Could you restate the entries word for word, without the images?

* Given records:
=====
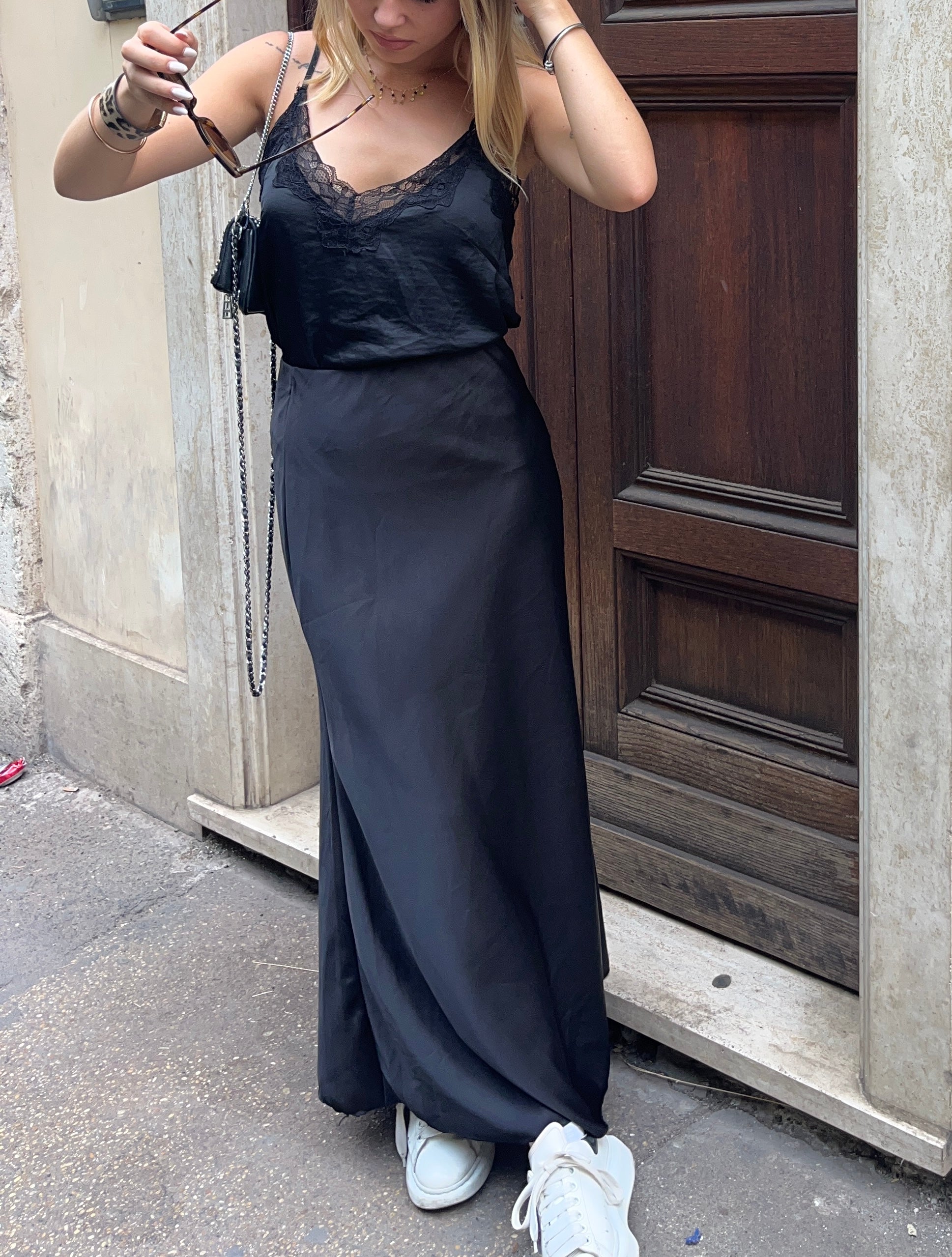 CARACTÉRISTIQUES : Jupe longue Satin Uni
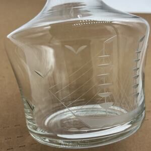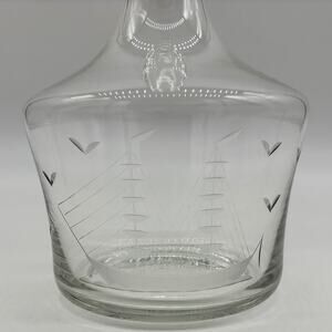 Vtg Nautical Decanter Clear Glass Liquor Wine Bottle Etched Clipper Ship Stopper
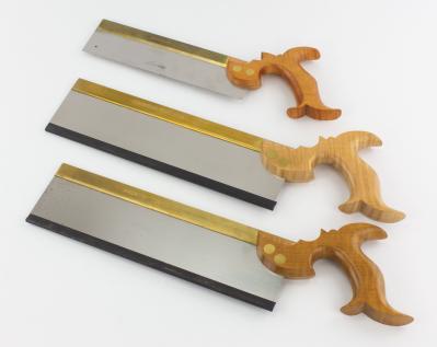 B68-124 LOT OF THREE BRASSBACK SAWS. One by Independence Tool with 9" blade. And two by Medallion Tool Works with 12" blades, ash handles and blade protectors; some very light spots of corrosion on one blade otherwise all in near new condition. From the collection of Jim and Becky Leamy. Good+ & better 100-200
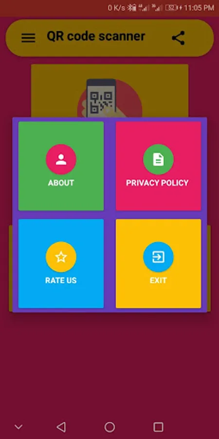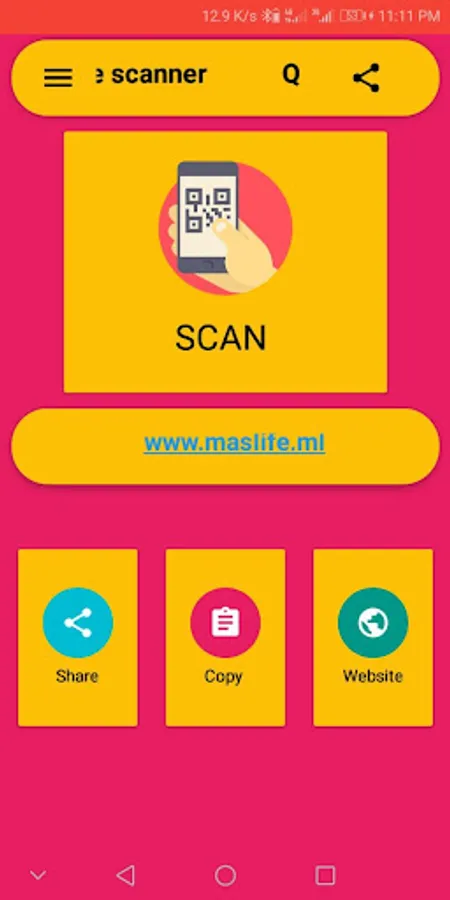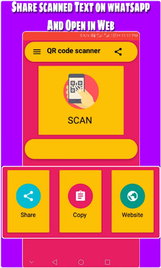 QRcode Scanner can Open links, copy scanned text, share on whatsapp,
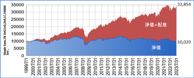 資料來源:理柏資訊、原幣計價,1999/7/1~2023/7/31,期初單筆投資一萬元。基金A股月配息單位成立於1999/7/1。
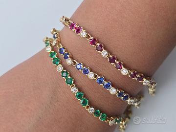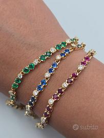 Meraviglioso bracciale tennis in oro giallo massiccio 18 carati con 30 rubini naturali taglio brillante primissima scelta di 3 carati complessivi e 16 diamanti naturali taglio brillante g color vvs di 0,75 carati totali.
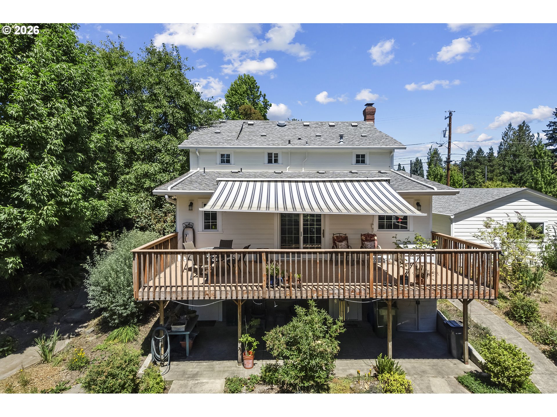 (503) 893-8874Lovingly Restored North Facing American Colonial. Beautifully maintained 5 bedroom, 2.5 bath home offers thoughtful upgrades throughout. Finished basement features a separate entrance, ramp access, and kitchenette for multi generational living, guest quarters, or income potential. Multiple bedroom configuration versatility, including a flexible 5th bedroom in the family/den or basement. Expanded, remodeled kitchen with abundant storage, huge walk in pantry with second refrigerator. Trex composite decking invites effortless outdoor enjoyment. Ceiling fans in every room ensure year round comfort. Home is meticulously designed to maximize intentional, usable space. Expansive yard is a true sanctuary with winding connected walking paths, charming footbridges, concrete pavers, raised garden beds, and lush, mature landscaping supported by a full sprinkler system and multiple faucets. Whether enjoyed as a private retreat or envisioned as an event ready venue with income potential, the possibilities are endless. Additional highlights include newer fiber cement siding, new gutter guards, an oversized 2 car garage with its own electrical panel (perfect for a future ADU). Potential RV/boat parking, and space for a future parking pad. A rare opportunity to own a truly versatile property in a storybook setting!
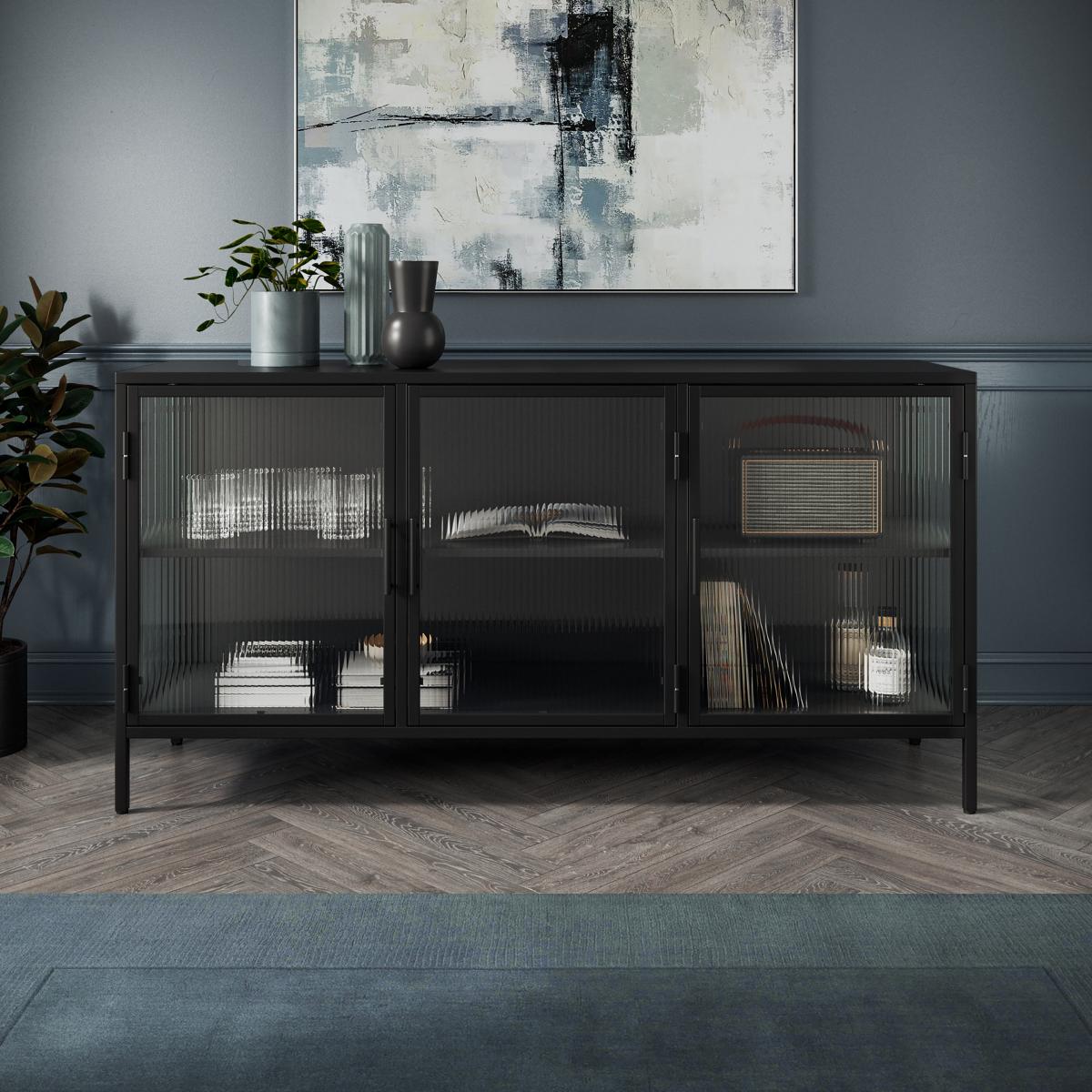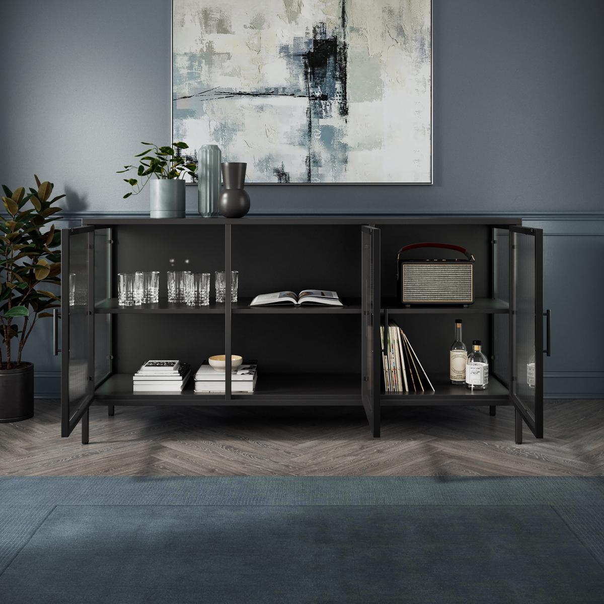 I love this sideboard for its sleek, contemporary aesthetic, which pairs effortlessly with both modern and industrial interiors. The ribbed glass adds texture and visual interest without overwhelming a space, making it particularly versatile in living rooms, dining areas, or even home offices. Practical styling tips include accessorising with minimalist tableware or decorative books on top, while keeping inside organised with baskets or boxes to maximise storage. It works particularly well in rooms with a monochrome or muted colour palette, where it can serve as a statement piece that blends function with style.
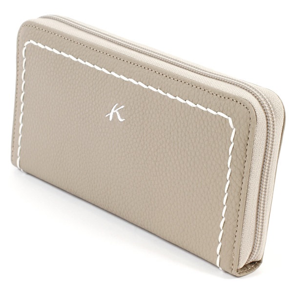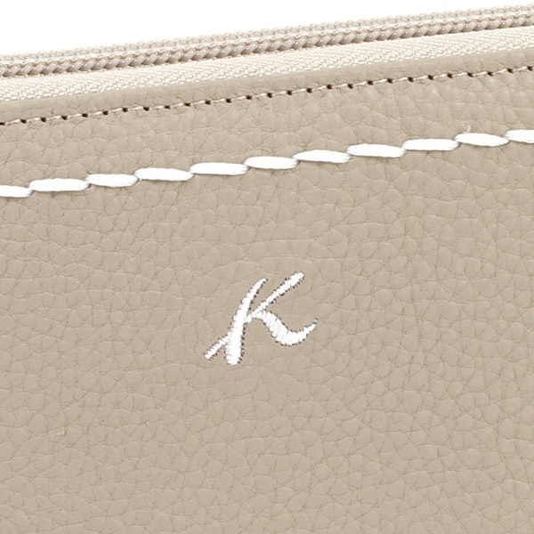 シボ感となめらかな手触りが特徴のシュリンクレザーを使用したラウンド型長財布。目の大きいステッチの縁取りと、刺繍のKマークがアクセントになっています。内側のポケットは3層に分かれており、カードポケットも豊富で収納力抜群。機能性にもこだわりました。
=====
* Your response:
 CARACTÉRISTIQUES : Jupe longue Satin Uni
 Vtg Nautical Decanter Clear Glass Liquor Wine Bottle Etched Clipper Ship Stopper
 B68-124 LOT OF THREE BRASSBACK SAWS. One by Independence Tool with 9" blade. And two by Medallion Tool Works with 12" blades, ash handles and blade protectors; some very light spots of corrosion on one blade otherwise all in near new condition. From the collection of Jim and Becky Leamy. Good+ & better 100-200
 QRcode Scanner can Open links, copy scanned text, share on whatsapp,
 資料來源:理柏資訊、原幣計價,1999/7/1~2023/7/31,期初單筆投資一萬元。基金A股月配息單位成立於1999/7/1。
 Meraviglioso bracciale tennis in oro giallo massiccio 18 carati con 30 rubini naturali taglio brillante primissima scelta di 3 carati complessivi e 16 diamanti naturali taglio brillante g color vvs di 0,75 carati totali.
 (503) 893-8874Lovingly Restored North Facing American Colonial. Beautifully maintained 5 bedroom, 2.5 bath home offers thoughtful upgrades throughout. Finished basement features a separate entrance, ramp access, and kitchenette for multi generational living, guest quarters, or income potential. Multiple bedroom configuration versatility, including a flexible 5th bedroom in the family/den or basement. Expanded, remodeled kitchen with abundant storage, huge walk in pantry with second refrigerator. Trex composite decking invites effortless outdoor enjoyment. Ceiling fans in every room ensure year round comfort. Home is meticulously designed to maximize intentional, usable space. Expansive yard is a true sanctuary with winding connected walking paths, charming footbridges, concrete pavers, raised garden beds, and lush, mature landscaping supported by a full sprinkler system and multiple faucets. Whether enjoyed as a private retreat or envisioned as an event ready venue with income potential, the possibilities are endless. Additional highlights include newer fiber cement siding, new gutter guards, an oversized 2 car garage with its own electrical panel (perfect for a future ADU). Potential RV/boat parking, and space for a future parking pad. A rare opportunity to own a truly versatile property in a storybook setting!
 I love this sideboard for its sleek, contemporary aesthetic, which pairs effortlessly with both modern and industrial interiors. The ribbed glass adds texture and visual interest without overwhelming a space, making it particularly versatile in living rooms, dining areas, or even home offices. Practical styling tips include accessorising with minimalist tableware or decorative books on top, while keeping inside organised with baskets or boxes to maximise storage. It works particularly well in rooms with a monochrome or muted colour palette, where it can serve as a statement piece that blends function with style.
 シボ感となめらかな手触りが特徴のシュリンクレザーを使用したラウンド型長財布。目の大きいステッチの縁取りと、刺繍のKマークがアクセントになっています。内側のポケットは3層に分かれており、カードポケットも豊富で収納力抜群。機能性にもこだわりました。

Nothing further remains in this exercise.